A trois semaines du référendum, le soutien à l'adhésion est monté en flèche approchant les 70% dans les dernières enquêtes d'opinion pour 30% de « non » alors que depuis janvier 2002, les adversaires de l'intégration européenne représentaient régulièrement entre 35% et 45% de l'électorat. Selon les analystes politiques, ce sursaut est dû à l'intensification de la campagne d'information du gouvernement.
La campagne électorale
« L'Estonie fait et fera toujours partie de l'Europe », ainsi s'expriment le Président de la République, Arnold Rüütel, le Premier ministre Juhan Parts (Res Publica) et la Présidente du Riigikogu, Ene Ergma (Res Publica) dans une déclaration publiée le 25 juin dernier. Les trois personnalités mettent l'accent sur la garantie que représente l'adhésion à l'Union européenne pour l'avenir de la langue et de la culture estoniennes et pour la stabilité politique et économique du pays. « Nous invitons tous les citoyens d'Estonie à voter « oui » le 14 septembre prochain et à participer à l'avenir du pays », concluent-ils dans leur déclaration commune à laquelle tous les ministres du gouvernement ont apposé leur signature. En vue de la campagne du référendum, les autorités ont mis en place à travers le pays quinze agences d'information sur l'Union européenne, de multiples centres téléphoniques ont également été ouverts pour répondre à toutes les questions émanant de la population. L'un des journalistes les plus renommés du pays, Hannes Rumm, a été nommé, il y a deux ans, chef du service d'information gouvernemental sur l'Union européenne.

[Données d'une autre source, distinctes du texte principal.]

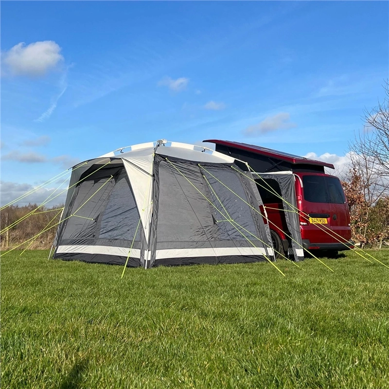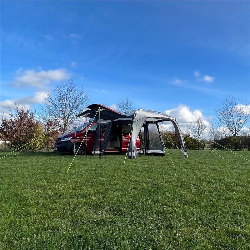 The Motordome Kamper Hub is both Campervan and Caravan compatible, benefiting from a drive away ability to leave a standalone awning on the pitch on your days out. Featuring the Khyam Tailored Vehicle Connection Tunnel (design registration 4029632). All Khyam connection tunnels allow the sliding door of your Camper, Panel-van Conversion and Motorhome to open fully within the confines of the connection tunnel* – there’ll be no need to move fabric out of the way when opening the door. Uniquely shaped and tailored, the panels on each side of the tunnel fit snugly against the side of your camper, pegging it securely into place via a fully adjustable pegging loops.

Un budget de 1 050 000 couronnes estoniennes (environ soixante dix-huit mille euros) a été alloué à la campagne référendaire. Cette somme sera partagée entre les opposants à l'intégration européenne, représentés principalement par deux mouvements « Non à l'Union européenne » dirigé par Uno Silberg et « Notre Etat » et les formations favorables à l'adhésion de l'Estonie à l'Union européenne. Celles-ci bénéficieront par ailleurs d'une somme de 500 000 couronnes (environ trente-huit mille euros) de la part d'Open Estonia, organisme dépendant de l'Institut Open Society dirigé par le milliardaire américain George Soros.
Le Parti du centre (EK), principale formation d'opposition du pays et premier parti du Riigikogu, (dirigé par Edgar Savisaar, il a recueilli 25,4% des suffrages lors des dernières élections législatives du 2 mars dernier et remporté 28 sièges au Parlement) a choisi le 9 août dernier, lors de son congrès, de s'opposer à l'adhésion de l'Estonie à l'Union européenne. Trois cent quarante et un de ses membres ont voté contre l'intégration européenne du pays, deux cent trente-cinq pour et deux cent vingt-sept « afin que chacun vote selon sa conscience ». Neuf personnalités de cette formation de centre-gauche, dont le porte-parole Peeter Kreitzberg et huit anciens ministres (Jaanus Marrandi, Sven Mikser, Siiri Oviir, Mailis Reps, Ain Seppik, Liina Tonisson, Toomas Varek et Harri Ounapuu), ont aussitôt signé une déclaration conjointe dans laquelle ils affirment ne pas se sentir engagés par la décision de leur parti de voter « non » au référendum du 14 septembre et s'engager à continuer à faire campagne en faveur du « oui ».
Une majorité d'Estoniens se déclarent en faveur de l'adhésion de leur pays à l'Union européenne à trois semaines du référendum. Il serait bien que ce référendum soit l'occasion d'une prise de conscience par la population des enjeux sur lesquels elle est appelée à se prononcer et de l'expression de son désir d'Europe.